[Start of section]
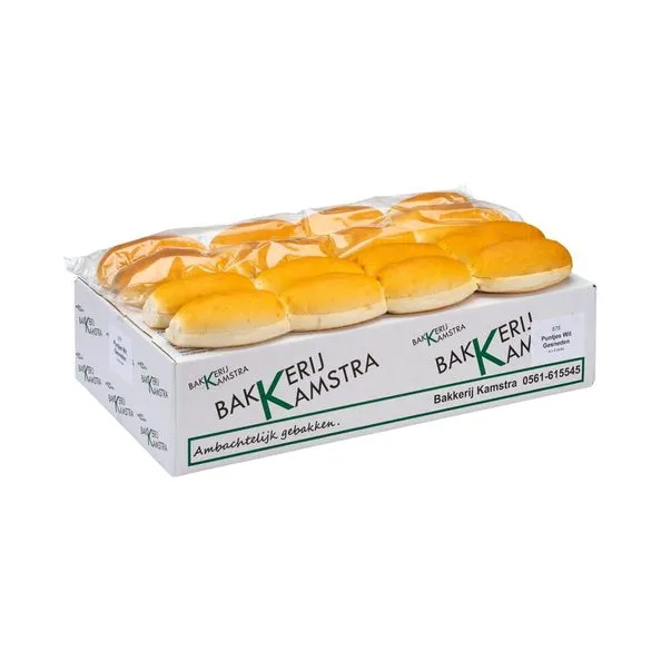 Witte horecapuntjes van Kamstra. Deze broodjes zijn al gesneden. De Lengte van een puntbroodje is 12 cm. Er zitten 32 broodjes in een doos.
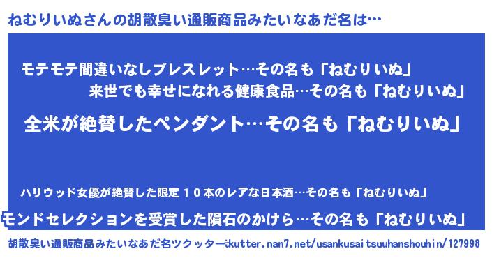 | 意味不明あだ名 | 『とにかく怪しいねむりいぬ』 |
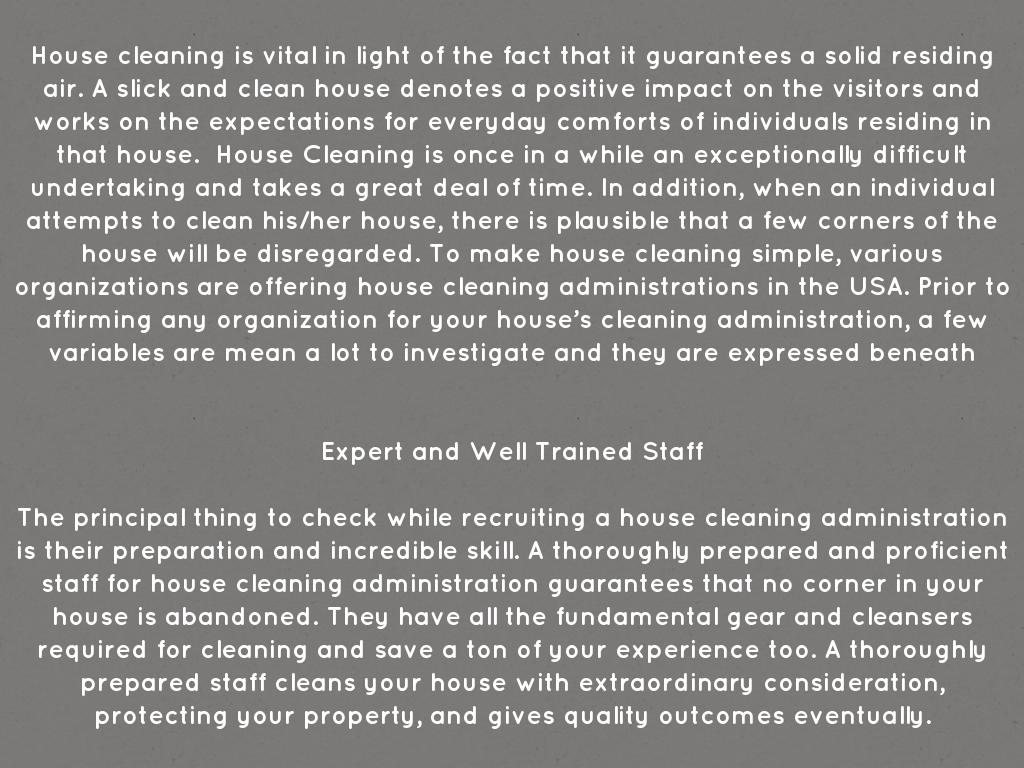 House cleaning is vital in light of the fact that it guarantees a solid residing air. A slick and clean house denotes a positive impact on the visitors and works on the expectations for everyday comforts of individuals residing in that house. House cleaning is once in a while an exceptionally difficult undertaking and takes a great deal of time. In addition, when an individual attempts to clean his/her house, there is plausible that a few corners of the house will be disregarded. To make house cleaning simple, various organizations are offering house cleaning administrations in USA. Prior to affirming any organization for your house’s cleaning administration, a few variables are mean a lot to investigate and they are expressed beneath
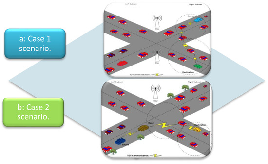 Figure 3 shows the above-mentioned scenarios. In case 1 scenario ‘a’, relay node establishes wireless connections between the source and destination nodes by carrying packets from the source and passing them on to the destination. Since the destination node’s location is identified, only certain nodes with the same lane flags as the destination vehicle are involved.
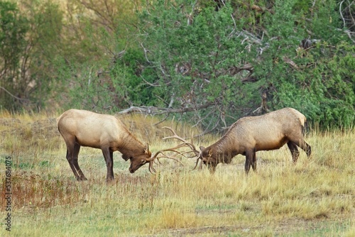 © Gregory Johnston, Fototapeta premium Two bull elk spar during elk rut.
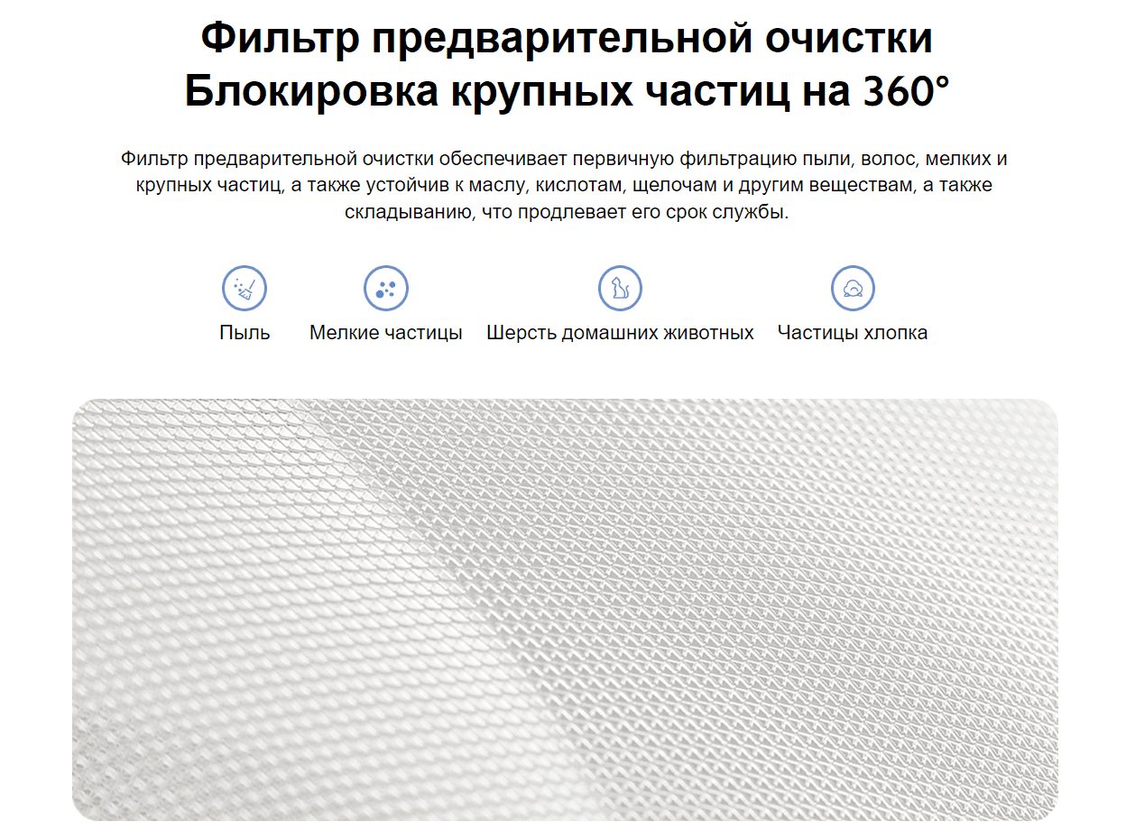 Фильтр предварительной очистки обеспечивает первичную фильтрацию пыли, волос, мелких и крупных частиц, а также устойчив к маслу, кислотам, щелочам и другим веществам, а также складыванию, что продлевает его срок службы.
[End of section]
### EXERCISE AIM
Your copy of the entries above must be exact and must not include pictures.

### THE COMPLETED TASK
 Witte horecapuntjes van Kamstra. Deze broodjes zijn al gesneden. De Lengte van een puntbroodje is 12 cm. Er zitten 32 broodjes in een doos.
 | 意味不明あだ名 | 『とにかく怪しいねむりいぬ』 |
 House cleaning is vital in light of the fact that it guarantees a solid residing air. A slick and clean house denotes a positive impact on the visitors and works on the expectations for everyday comforts of individuals residing in that house. House cleaning is once in a while an exceptionally difficult undertaking and takes a great deal of time. In addition, when an individual attempts to clean his/her house, there is plausible that a few corners of the house will be disregarded. To make house cleaning simple, various organizations are offering house cleaning administrations in USA. Prior to affirming any organization for your house’s cleaning administration, a few variables are mean a lot to investigate and they are expressed beneath
 Figure 3 shows the above-mentioned scenarios. In case 1 scenario ‘a’, relay node establishes wireless connections between the source and destination nodes by carrying packets from the source and passing them on to the destination. Since the destination node’s location is identified, only certain nodes with the same lane flags as the destination vehicle are involved.
 © Gregory Johnston, Fototapeta premium Two bull elk spar during elk rut.
 Фильтр предварительной очистки обеспечивает первичную фильтрацию пыли, волос, мелких и крупных частиц, а также устойчив к маслу, кислотам, щелочам и другим веществам, а также складыванию, что продлевает его срок службы.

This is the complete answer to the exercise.